<<<<
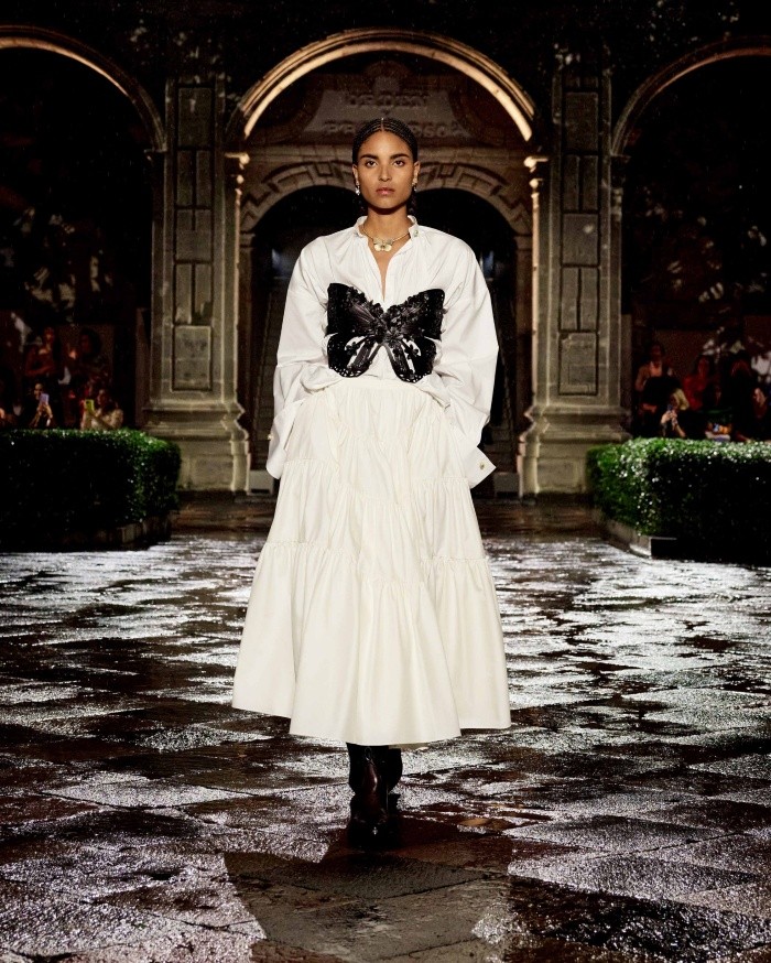 Definitivamente Dior es uno de los referentes mundiales de la moda en el mundo y el haber considerado a nuestro país para presentar su colección Cruise 2024 es un gran acontecimiento que pone a México en los ojos de la industria de la moda Internacional.Mientras escribía esta columna decidí escuchar la serie de canciones que estuvieron en el desfile , todas ellas hacíendo referencias claras al amor y que construían en cada una de sus estrofas momentos extremadamente emocionales, fieles a la esencia más clara de todos los mexicanos.Con Maria Grazia Chiuri al frente de la dirección creativa de Dior, esa noche fue mágica para propios y extraños, no sólo por la maestría en la confección que la directora creativa pone en cada una de sus creaciones, sino por los simbolismos que transmitió a lo largo de los 17 minutos que duró el desfile.Para nadie es desconocido la fascinación de la directora creativa por los bordados y el trabajo textil alrededor del mundo, ahí es donde hace todo el sentido que la colección Cruise de este año haya hecho su aparición en México.Con un trabajo de más de un año con productores locales y bordadores, la directora creativa de Dior nos mostró esa noche su ya tradicional estilo tomando como inspiración principal a Frida Kahlo, la mariposa y los textiles mexicanos.El show tuvo lugar en el Antiguo Colegio de San Ildefonso, este increíble recinto en cuyas paredes se cuenta la historia de México a través de los impactantes murales de Diego Rivera, David Alfaro Siqueiros y José Clemente Orozco; lugar perfecto para albergar a la prensa internacional, invitados especiales y clientes de la Maison en todo el mundo.“Una constelación de lugares que despiertan emociones: esto es lo que México es para Maria Grazia Chiuri. Un lugar del alma, como lo fue para los artistas surrealistas. La figura emblemática de Frida Kahlo continúa ofreciendo una poderosa conexión con esta cultura, celebrada en el corazón de la colección crucero 2024 de Dior” nos contó la marca en su boletín de prensa.La colección Cruise 2024 comenzó con una serie de vestidos y looks en color negro, con volantes, hombros exagerados y mariposas en los accesorios y en los estampados, que hacen alusión a la belleza cautivadora de la fragilidad y se ven realzadas por la variedad de encajes de algodón, cáñamo y seda seleccionados, que subliman el jersey y el terciopelo negro, y por los jacquards irresistiblemente preciosos.Para esta nueva línea, Maria Grazia Chiuri ha vuelto a establecer fuertes lazos con los artesanos locales como es su costumbre alrededor del mundo en donde los bordados originales, co-creaciones elaboradas con sus talleres, adornan notablemente vestidos y camisas. Para la casa y en la visión de la directora creativa “La historia de la feminidad se construye a partir de una relación con el entorno natural, en un equilibrio de compromiso y desenfado”De llamar la atención el casting lleno de talento mexicano, modelos internacionales como la Jalicienses Karime Bribiesca y Tindi Mar, entre muchas otras, desfilaban al compás de la increíble música mexicana llenándonos de orgullo al mismo tiempo de transmitir con enorme maestría la visión creativa de Chiuri.La lluvia fue el invitado espontáneo de la noche, lo que le agregaba un toque de dramatismo y espectacularidad a la colección, que cerró al ritmo de “Canción Sin Miedo” de Vivir Quintanar y Mon Laferte, en protesta por la violencia hacia las mujeres de nuestro país con una serie de vestidos blancos con frases bordadas en memoria de las víctimas de feminicidio en México.Y es que no nos debe llamar la atención que Dior haga este tipo de expresiones en pro del feminismo en el mundo, Maria Grazia Chiuri es la primera mujer al frente de esta casa de lujo y es, por tanto, portadora de una fuerte esencia feminista en donde la mujer, su esencia, empoderamiento y dignificación se hace presente en todas sus creaciones.La moda es arte, estoy muy de acuerdo, y como tal forma parte de la expresión humana y nuestra historia, por lo que cerrar esta pasarela con una protesta de este tamaño me pareció un gesto por demás conmovedor.Seguramente habrá mucho que observar en la historia que construirán juntos Dior y México, pero creo que el balance en general es muy positivo, definitivamente pone a nuestro país en la mente y en los ojos del mundo, recordándonos y recordándoles de que estamos hechos; sin lugar a duda coloca a la artesanía mexicana como el trabajo de lujo que es y dignifica el trabajo que nuestros artesanos le ponen a la construcción de sus creaciones.Ojalá este tipo de acontecimientos sigan sucediendo en nuestro país con más frecuencia cada uno de ellos, sin duda, nos traen un sinnúmero de cosas positivas y construyen nuestra reputación dentro y fuera de México. Viva la moda, Viva México, Viva Maria Grazia, Viva Dior…CP
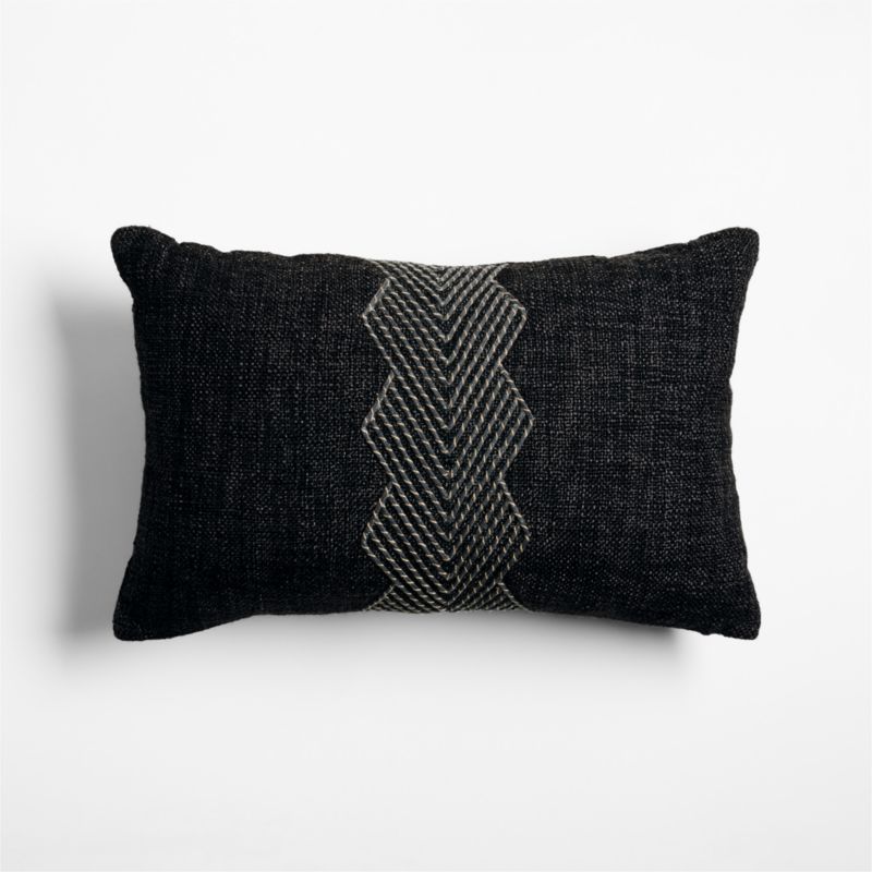 Elegantly embroidered, our Kirra outdoor throw pillow is subtle yet striking. Thick recycled fiber yarns stitch a band of stacked Vs on the delightfully nubby base, creating an intricate plaited or tiled look. The elevated tonal palette keeps the focus on the textural design and ensures that the pillow pairs effortlessly with others in our collection. Toss the lumbar pillow on your outdoor sofa, chaise or chair for an instant upgrade.
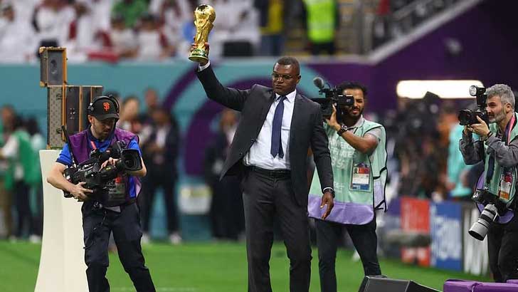 উদ্বোধনী অনুষ্ঠানের শুরুতে মাঠে বিশ্বকাপের ট্রফি নিয়ে এলেন ফ্রান্সের সাবেক ফুটবলার মার্সেল ডেসাইলি
>>>>
§ **EXERCISE BRIEF**:
The listing above must be retyped word for word, without the pictures.

§ **YOUR RESPONSE**:
 Definitivamente Dior es uno de los referentes mundiales de la moda en el mundo y el haber considerado a nuestro país para presentar su colección Cruise 2024 es un gran acontecimiento que pone a México en los ojos de la industria de la moda Internacional.Mientras escribía esta columna decidí escuchar la serie de canciones que estuvieron en el desfile , todas ellas hacíendo referencias claras al amor y que construían en cada una de sus estrofas momentos extremadamente emocionales, fieles a la esencia más clara de todos los mexicanos.Con Maria Grazia Chiuri al frente de la dirección creativa de Dior, esa noche fue mágica para propios y extraños, no sólo por la maestría en la confección que la directora creativa pone en cada una de sus creaciones, sino por los simbolismos que transmitió a lo largo de los 17 minutos que duró el desfile.Para nadie es desconocido la fascinación de la directora creativa por los bordados y el trabajo textil alrededor del mundo, ahí es donde hace todo el sentido que la colección Cruise de este año haya hecho su aparición en México.Con un trabajo de más de un año con productores locales y bordadores, la directora creativa de Dior nos mostró esa noche su ya tradicional estilo tomando como inspiración principal a Frida Kahlo, la mariposa y los textiles mexicanos.El show tuvo lugar en el Antiguo Colegio de San Ildefonso, este increíble recinto en cuyas paredes se cuenta la historia de México a través de los impactantes murales de Diego Rivera, David Alfaro Siqueiros y José Clemente Orozco; lugar perfecto para albergar a la prensa internacional, invitados especiales y clientes de la Maison en todo el mundo.“Una constelación de lugares que despiertan emociones: esto es lo que México es para Maria Grazia Chiuri. Un lugar del alma, como lo fue para los artistas surrealistas. La figura emblemática de Frida Kahlo continúa ofreciendo una poderosa conexión con esta cultura, celebrada en el corazón de la colección crucero 2024 de Dior” nos contó la marca en su boletín de prensa.La colección Cruise 2024 comenzó con una serie de vestidos y looks en color negro, con volantes, hombros exagerados y mariposas en los accesorios y en los estampados, que hacen alusión a la belleza cautivadora de la fragilidad y se ven realzadas por la variedad de encajes de algodón, cáñamo y seda seleccionados, que subliman el jersey y el terciopelo negro, y por los jacquards irresistiblemente preciosos.Para esta nueva línea, Maria Grazia Chiuri ha vuelto a establecer fuertes lazos con los artesanos locales como es su costumbre alrededor del mundo en donde los bordados originales, co-creaciones elaboradas con sus talleres, adornan notablemente vestidos y camisas. Para la casa y en la visión de la directora creativa “La historia de la feminidad se construye a partir de una relación con el entorno natural, en un equilibrio de compromiso y desenfado”De llamar la atención el casting lleno de talento mexicano, modelos internacionales como la Jalicienses Karime Bribiesca y Tindi Mar, entre muchas otras, desfilaban al compás de la increíble música mexicana llenándonos de orgullo al mismo tiempo de transmitir con enorme maestría la visión creativa de Chiuri.La lluvia fue el invitado espontáneo de la noche, lo que le agregaba un toque de dramatismo y espectacularidad a la colección, que cerró al ritmo de “Canción Sin Miedo” de Vivir Quintanar y Mon Laferte, en protesta por la violencia hacia las mujeres de nuestro país con una serie de vestidos blancos con frases bordadas en memoria de las víctimas de feminicidio en México.Y es que no nos debe llamar la atención que Dior haga este tipo de expresiones en pro del feminismo en el mundo, Maria Grazia Chiuri es la primera mujer al frente de esta casa de lujo y es, por tanto, portadora de una fuerte esencia feminista en donde la mujer, su esencia, empoderamiento y dignificación se hace presente en todas sus creaciones.La moda es arte, estoy muy de acuerdo, y como tal forma parte de la expresión humana y nuestra historia, por lo que cerrar esta pasarela con una protesta de este tamaño me pareció un gesto por demás conmovedor.Seguramente habrá mucho que observar en la historia que construirán juntos Dior y México, pero creo que el balance en general es muy positivo, definitivamente pone a nuestro país en la mente y en los ojos del mundo, recordándonos y recordándoles de que estamos hechos; sin lugar a duda coloca a la artesanía mexicana como el trabajo de lujo que es y dignifica el trabajo que nuestros artesanos le ponen a la construcción de sus creaciones.Ojalá este tipo de acontecimientos sigan sucediendo en nuestro país con más frecuencia cada uno de ellos, sin duda, nos traen un sinnúmero de cosas positivas y construyen nuestra reputación dentro y fuera de México. Viva la moda, Viva México, Viva Maria Grazia, Viva Dior…CP
 Elegantly embroidered, our Kirra outdoor throw pillow is subtle yet striking. Thick recycled fiber yarns stitch a band of stacked Vs on the delightfully nubby base, creating an intricate plaited or tiled look. The elevated tonal palette keeps the focus on the textural design and ensures that the pillow pairs effortlessly with others in our collection. Toss the lumbar pillow on your outdoor sofa, chaise or chair for an instant upgrade.
 উদ্বোধনী অনুষ্ঠানের শুরুতে মাঠে বিশ্বকাপের ট্রফি নিয়ে এলেন ফ্রান্সের সাবেক ফুটবলার মার্সেল ডেসাইলি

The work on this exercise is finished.